Denver-based Barrett has a long history in the Piceance, one of the Rocky Mountain tight-gas powerhouses. The overall trend from Grand Valley to Gibson Gulch currently produces 1.3 billion cubic feet (Bcf) per day, and has made more than 2.5 trillion cubic feet (Tcf) cumulative.
Last year, Barrett drilled 135 wells and succeeded in establishing 10-acre density on its 17,200-acre Gibson Gulch property. The downspacing has boosted the company’s inventory to 1,300 drilling locations.
During the past two to three years, Barrett has been steadily improving average estimated ultimate recovery (EUR) per well, and driving costs downward at Gibson Gulch.
Currently, 7,400-foot Gibson Gulch wells average EURs of 1.2 Bcf equivalent from the Williams Fork formation, and cost $1.8 million.
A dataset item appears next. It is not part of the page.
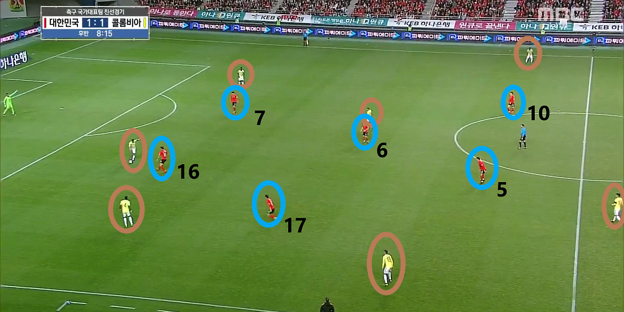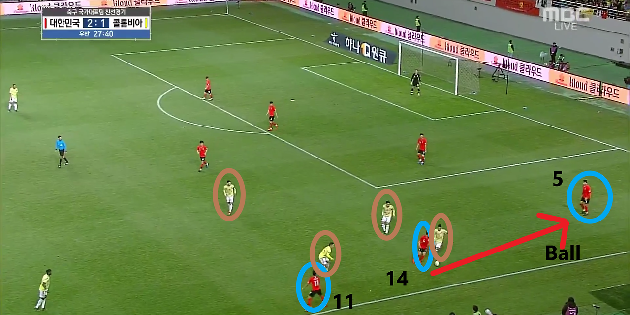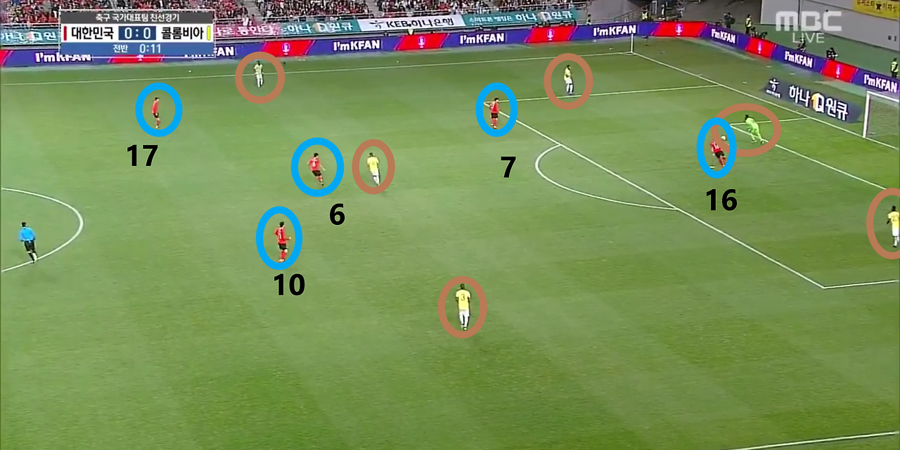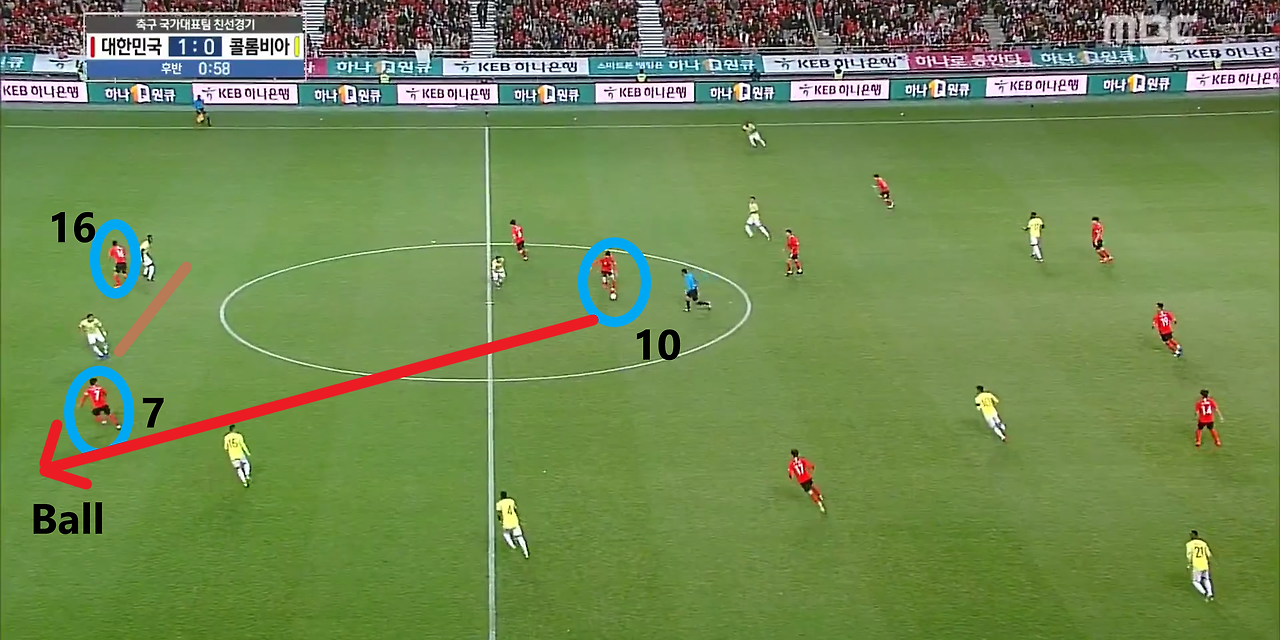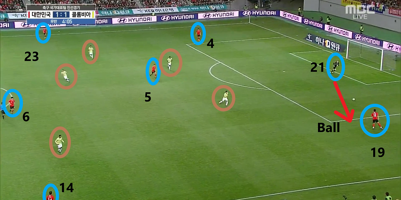 - 경기 초반 상대가 자기 진영에서 볼을 소유할 시 공격자원들의 깊숙한 전방압박을 확인할 수 있는 장면임. 볼은 상대 골키퍼(GK)에게 있으며 이때, 최전방 투톱 공격수(Two-top) '손흥민'(7번)과 '황의조'(16번)가 강한 압박을 시도함. 동시에, 미드필더 자원들['이청용'(17번), '황인범'(6번), '이재성'(10번)]도 라인을 올리면서 상대의 미드필더(MF) 자원들을 마크(Mark)함. 강한 전방압박으로 상대 골키퍼는 볼을 전달할 선택지가 좁아짐(위의 상황에서는 멀리 걷어냄.).

At the current Rockies three-year strip price of $5.50 per thousand cubic feet, with adjustment for high-BTU gas, wells in the play earn 31% rates of return.
“As we monitor actual costs coming in through the third and fourth quarters, we’ll be down in the $1.7-million range, which will get us closer to a 40% rate of return,” predicted Barrett.
Due to its recent strong results, the company has expanded its 2009 Colorado drilling program to about 110 wells from a previously announced 80 wells. Barrett will run three operated rigs in the Piceance for the balance of the year. The operator has successfully navigated Colorado’s new oil and gas rules, and has permits in hand for all its 2009 drilling. Work is already in progress on 2010 permits.
Currently, Barrett’s net Piceance production is 95 million a day. “We have a lot of running room: a 10- to 15-year inventory of 1,300 low-risk, high-quality locations,” said Barrett. The company’s proved, probable and possible (3P) resources at Gibson Gulch are 1.1 Tcfe.
Barrett is also excited about its new acquisition at Cottonwood Gulch. During the second quarter of 2009, it bought a 90% working interest in 40,300 gross undeveloped acres on the former Naval Oil Shale Reserve #1. Purchase price was $60 million.
Cottonwood Gulch lies directly on trend with prolific Rulison Field, and a structural element connects Rulison with the Cottonwood Gulch area.
The acquisition nearly triples Barrett’s Piceance position, in terms of both acreage and 3P resources. On a scenario of 60% development on 10-acre spacing, the company could net 2 to 3 Tcf equivalent.
“We also like this area from a regulatory standpoint because it’s one of the few areas where a record of decision for a resource management plan and an environmental impact statement have been finalized.”
The Roan Plateau Resource Management Plan is in effect on the Cottonwood Gulch properties, and development of the acreage position is being coordinated with the U.S. Department of Interior and Bureau of Land Management (BLM).
The fly in the ointment is a lawsuit filed by environmental groups against the BLM that challenges the leasing and development of the area.
Barrett is working to resolve the lawsuit, and is willing to undertake further environmental work to satisfy lingering concerns, said Barrett. The company hopes to begin drilling in 2010.